Case in point: An older gentleman and seasoned gardener would take home-grown tomatoes along with zucchini with him whenever he visited friends. You couldn’t have any tomatoes unless you agreed to take some zucchini.

Who could blame him? Zucchinis are the vegetable equivalent of plastic food storage containers that multiply in the dark.

Some of our kids are big gardeners and often text photos of their daily harvest. In their last picture I counted 20 zucchinis.

We texted a picture back of our daily harvest. Six peas. We thought maybe they’d take pity on us and have Door Dash deliver a meal.

We’d starve to death if we had to survive on peas. Even if we rationed them, we wouldn’t make it.

“Here, have a pea,” I tell my husband at dinner.

“I had one yesterday. It’s your turn. You eat it.”

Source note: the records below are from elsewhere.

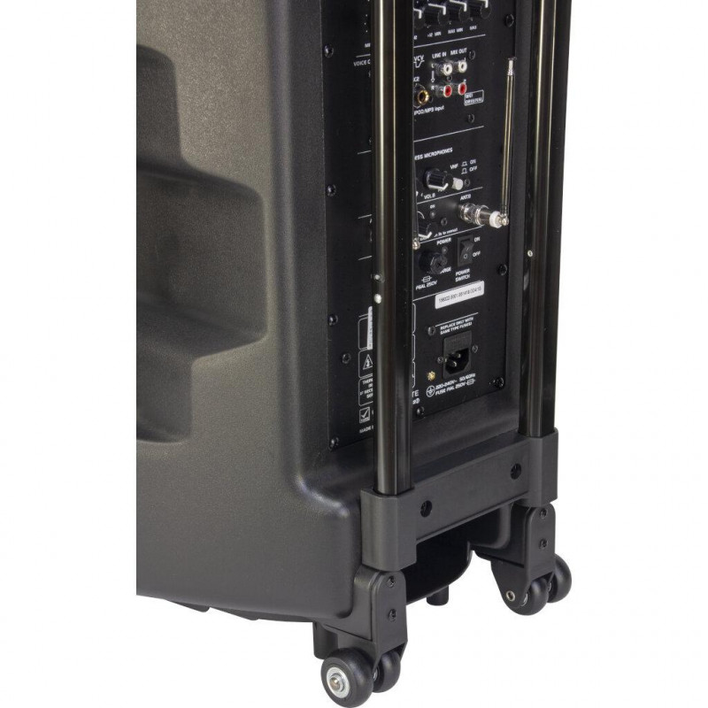 Oltre all'eccezionale qualità del suono per la sua categoria, questo sistema audio portatile presenta importanti vantaggi come l'autonomia, grazie alla batteria ricaricabile integrata e alla doppia alimentazione 220VAC-12VDC, la sua versatilità con il suo carrello retrattile e le sue ruote, la libertà di movimenti grazie al suo micro VHF portatile e un'altra testa, il multi sorgente grazie ai suoi numerosi ingressi e uscite e alla sua porta USB/SD/MMC-MP3, oltre a molti altri vantaggi.
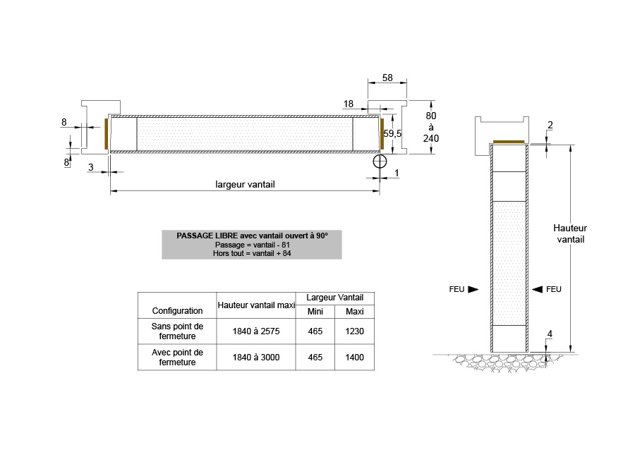Possibilité d’équiper ce bloc-porte avec PYROBEL 25 en 1600 x 400 maximum ou diamètre 300 - 400 ou 500, à condition de laisser 150 mm de chaque côté.
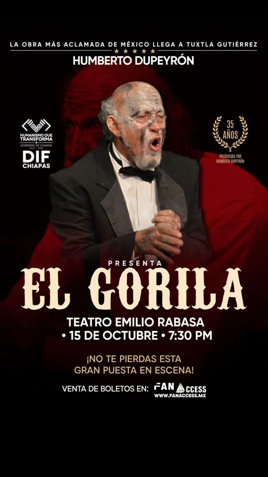 Tuxtla Gutiérrez recibirá una de las puestas en escena más aclamadas del teatro mexicano. Se trata de El Gorila, una adaptación teatral de la obra de Franz Kafka, dirigida y protagonizada por el reconocido actor Humberto Dupeyrón.
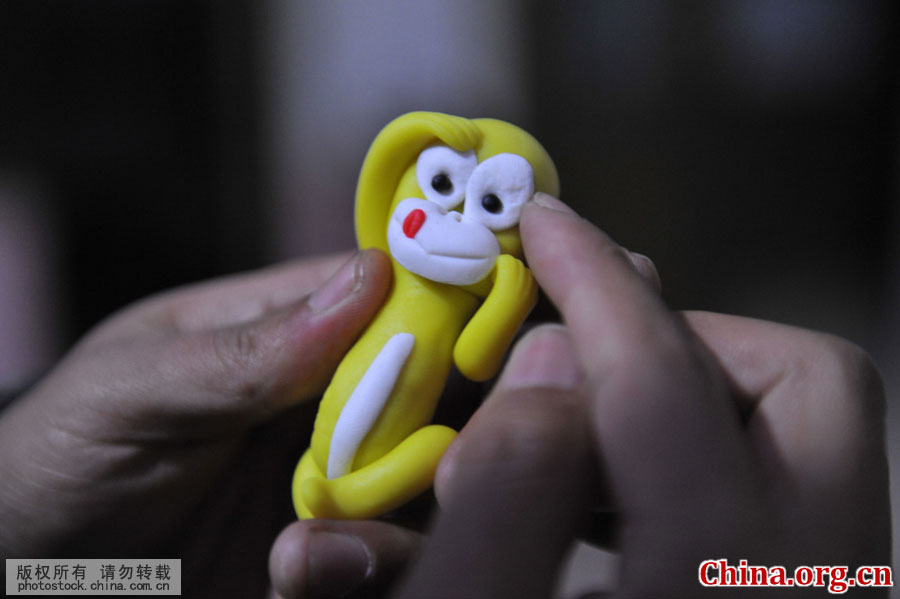 Dough figurine artist Li Jinguo shows one of his latest works – a hundred monkeys welcome the Chinese New Year – in Donggang District, Rizhao City in Shandong Province, on Jan. 6, 2016. The work took him more than one month to design, two weeks to mold and five kilograms of flour. [Photo by Liu Mingzhao/China.com.cn] |
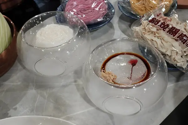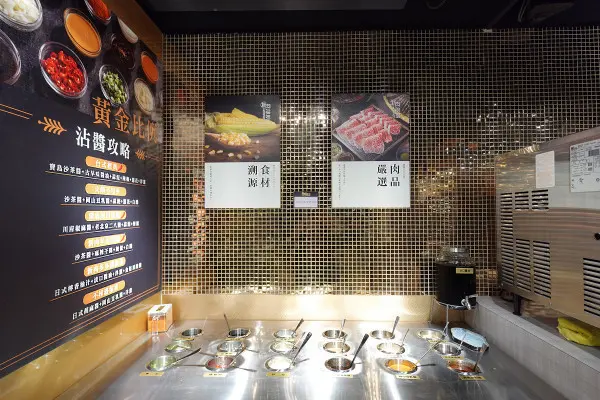 除了嚴選溯源食材和肉品,這裡的醬料區更是寶藏,光是佐料就近二十種,除了蔥花、沙茶這些基本款,還有老北京二八醬、銷魂海皇醬和麻辣乾碟等特別選項,旁邊還貼心附上沾醬攻略。
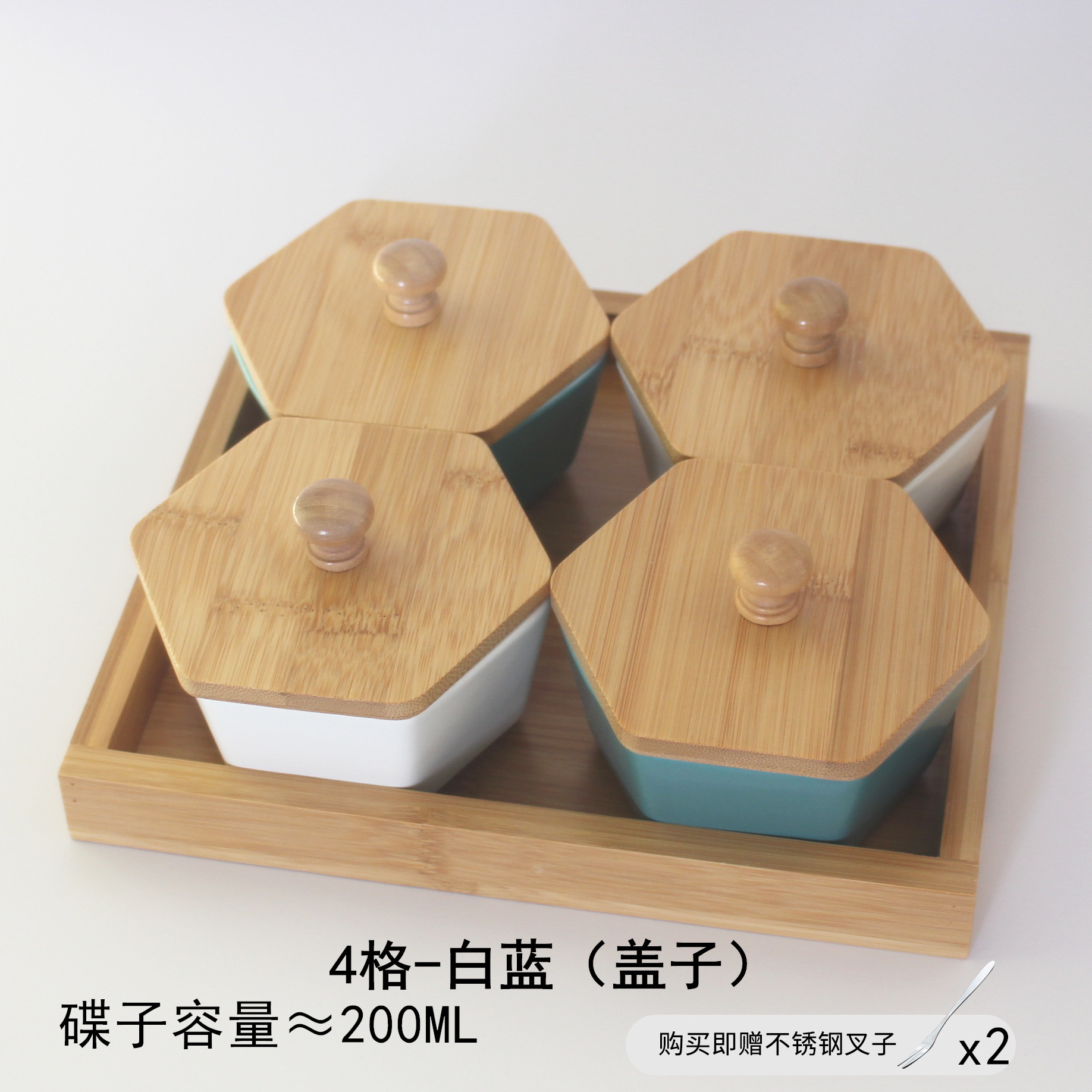 • 뚜껑 - 4칸 간식 트레이 육각 접시 - 화이트 & 블루♢
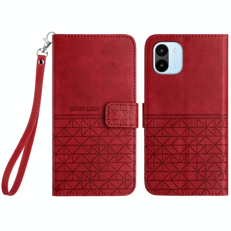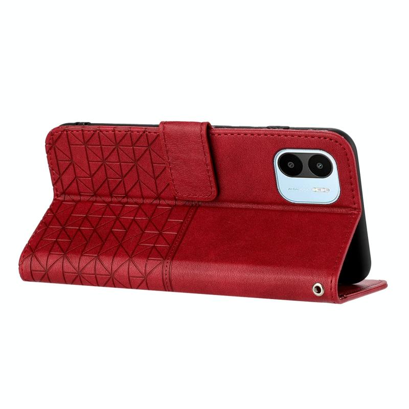 Θήκη δερμάτινη με κορδόνι για Xiaomi Redmi A2 / A1 με υφή ρόμβου (Κόκκινο)
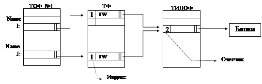 Отличие файла-каталога от обычных файлов пользователя заключается в содержимом поля типа файла в ИД. Для корневого каталога поле родителя будет ссылаться на него самого. Теперь схематически рассмотрим, как могут использоваться полные имена и структура каталогов. В системе, в каждый момент времени работы пользователя определен текущий каталог, то есть каталог и весь путь от корня, связанный с этим каталогом, который по умолчанию подставляется ко всем именам файлов, не начинающихся с символа «/». Если текущий каталог D, то можно говорить просто о файлах F и G, а если надо добраться до файла В, то необходимо использовать полное имя или специальный файл «..», т.е., в данном случае, конструкцию «../В». Мы ссылаемся на файл «..» - это означает, что нужно прочесть ИД родителя и по нему добраться до содержимого каталога А. Затем в файле-каталоге А надо выбрать строку с именем В и определить ИД файла В, а затем произвести открытие файла. Вся эта операция довольно трудоемка, однако учитывая то, что файлы открываются не часто, это не будет сказываться на скорости работы системы. Мы говорили, что с одним и тем же содержимым может ассоциироваться несколько имен, т.е. одновременно могут быть открыты файлы с одним и тем же ИД. Возникает проблема - как синхронизируется работа с содержимым файла в случае его открытия разными процессами или с разными именами. В UNIX-е это решается достаточно корректно (это мы рассмотрим несколько позже). Специальные файлы устройствМы уже знаем два типа файлов: файлы-каталоги и рабочие файлы, в которых хранятся данные. Есть третья разновидность - файлы устройств. Эта разновидность характеризуется типом, указанным в ИД. Содержимого у файлов устройств нет, а есть только ИД и имя. В ИД указывается информация о том, какой тип устройства ассоциирован с этим файлом: байт-ориентированное устройство или блок-ориентированное устройство. Байт-ориентированное устройство - это то устройство, обмен с которым осуществляется по одному байту (например, клавиатура). Блок-ориентированное устройство - это устройство, с которым обмен может осуществляться блоками. Также имеется поле, определяющее номер драйвера, связанного с этим устройством (у одного устройства может быть несколько драйверов, но не наоборот). Это поле, на самом деле, есть номер в таблице драйверов соответствующего класса устройств. В системе имеются две таблицы: для блок- и для байт-ориентированных устройств. Также в ИД определен некоторый цифровой параметр, который может быть передан драйверу в качестве уточняющего информацию о работе. Организация обмена данными с файламиОпределим сначала, что является низкоуровневым вводом/выводом в системе. В файловой системе UNIX-а определены некоторые специальные функции, которые называются системными вызовами. Системные вызовы осуществляют непосредственное обращение к операционной системе, то есть это функции, выполняющие некоторые действия операционной системы. Реализация системных и библиотечных функций (например, математических) в корне отличается. Если библиотечная функция будет подгружена в тело процесса, который пользуется этой библиотекой, то все действия в большинстве случаев будут выполняться в пределах этого процесса, а системный вызов сразу же передает управление операционной системе и она выполняет заказанное дейст
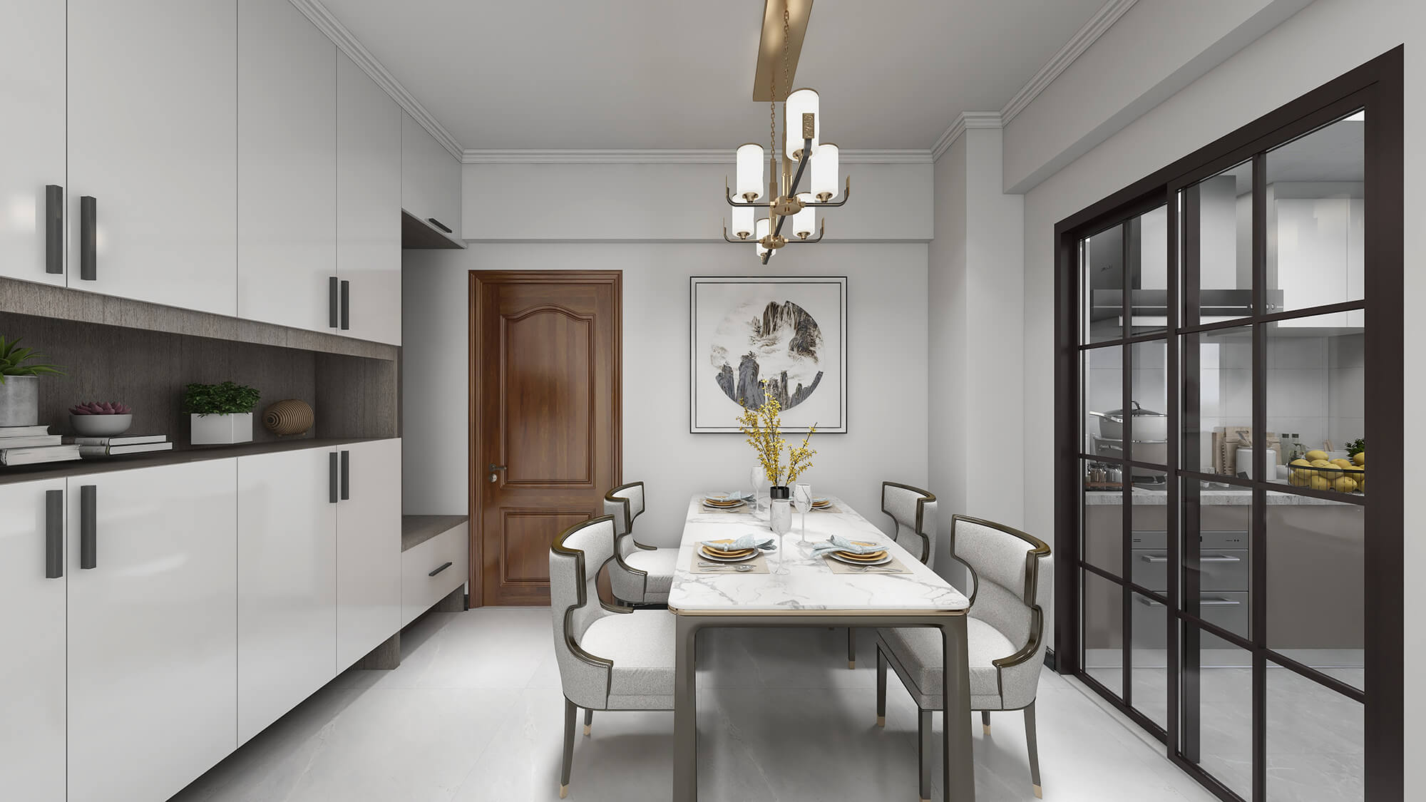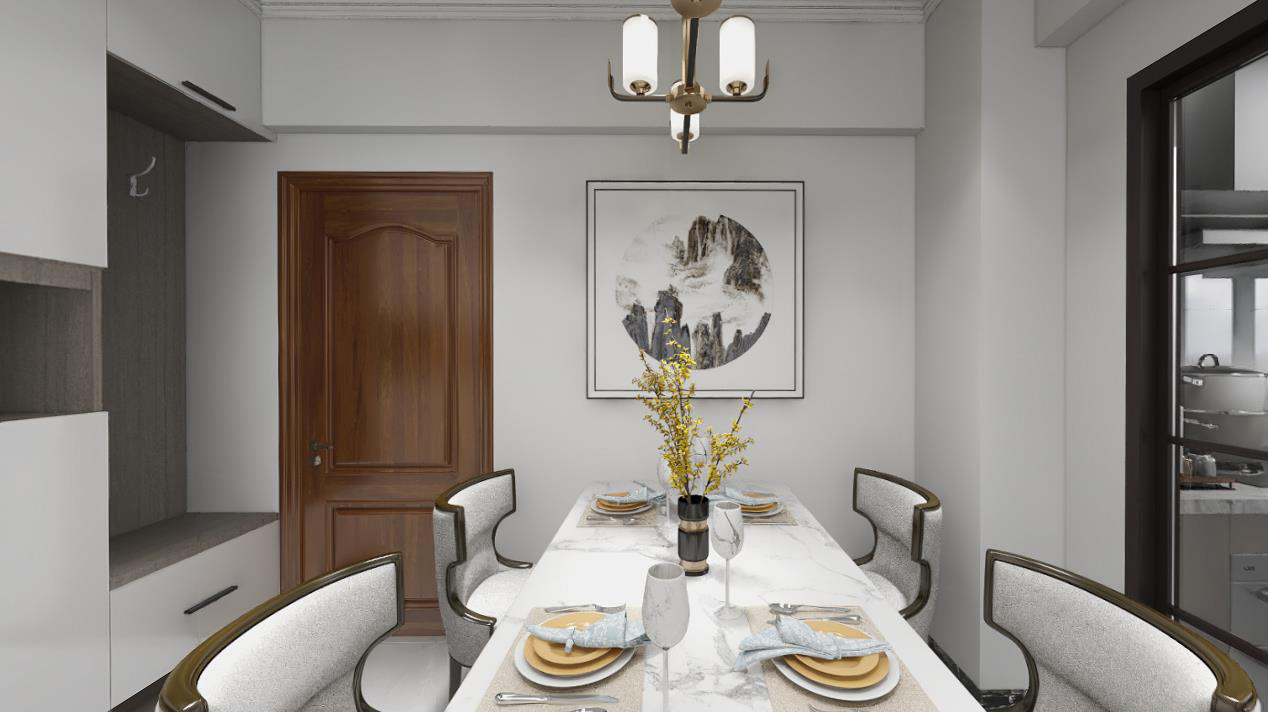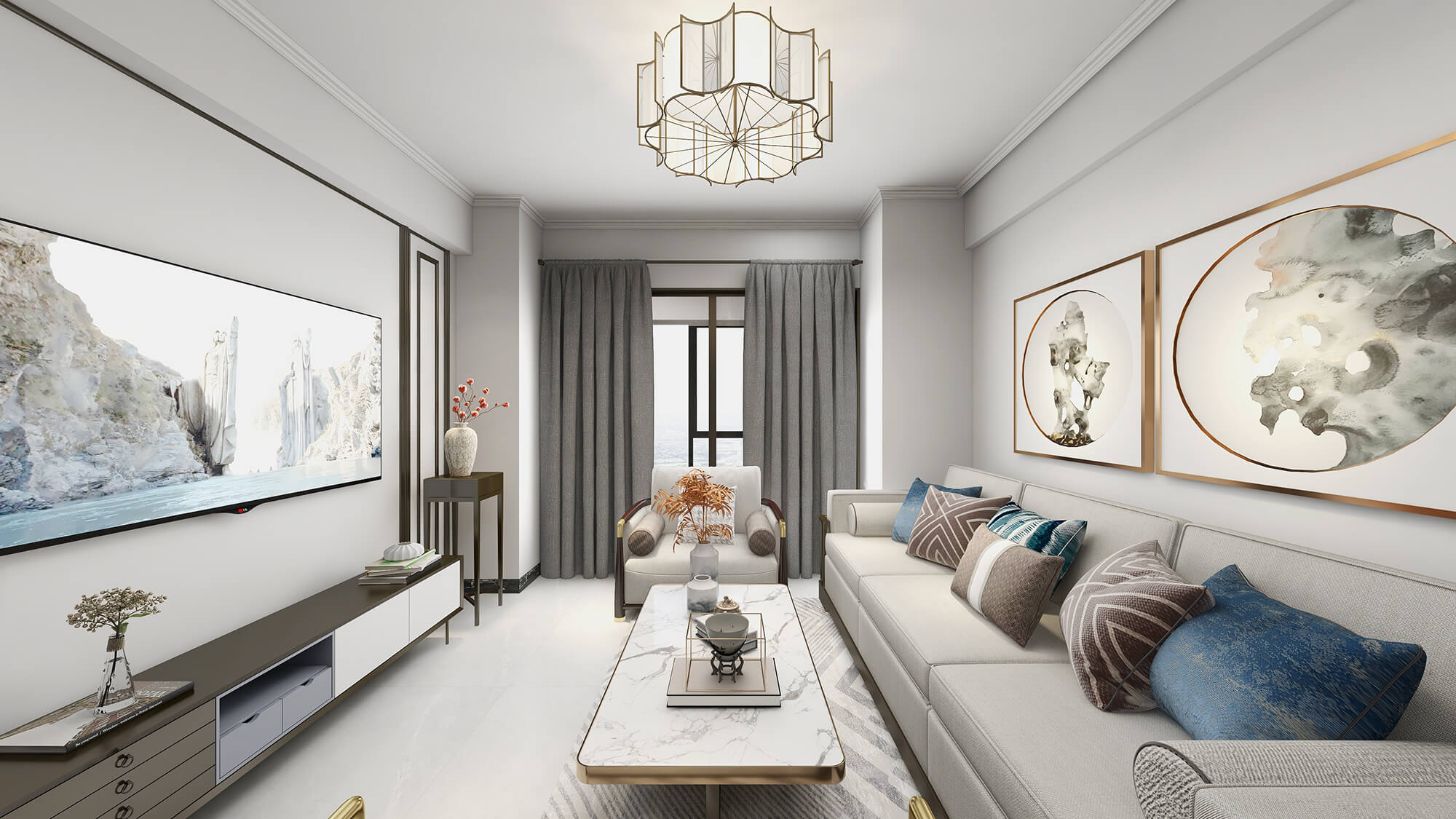 本案戶型為:3房2廳2衛,總面積72㎡。本案風格為新中式,在空間中以淺灰色為主色調,將中式元素以生活的面目表達出來。在造型、擺件等上面采用一些中式手法,為空間增添高雅秀逸的意境美,使得整體空間賞心悅目,并充滿韻味。

“No, you—” and he drops to the floor midsentence from hunger.

Our green beans aren’t as prolific as other gardeners’ zucchini, but they have done better than the peas. I picked 12 green beans the other day. We had three each. I’d read green beans were good cooked on the grill. I was careful turning them, but they kept falling between the grates.

Do not, I repeat, do not try retrieving a green bean wedged between white hot charcoal with tongs.

Zucchinis are popular because they are low cal and healthy. But they also top the list of vegetables often requiring enhancement before consuming. Zucchini bread, zucchini waffles, zucchini muffins, zucchini with parm, zucchini with garlic butter, zucchini bacon and cheese boats. Zucchinis are low cal—when they’re still on the vine.

Maybe you heard about the woman who left a zucchini in her car while she went shopping. When she returned, someone had broken in and left her six more.

Lock your vehicles and keep your guard up. You can never be too careful.



(where it all began a long, long, long, long time ago)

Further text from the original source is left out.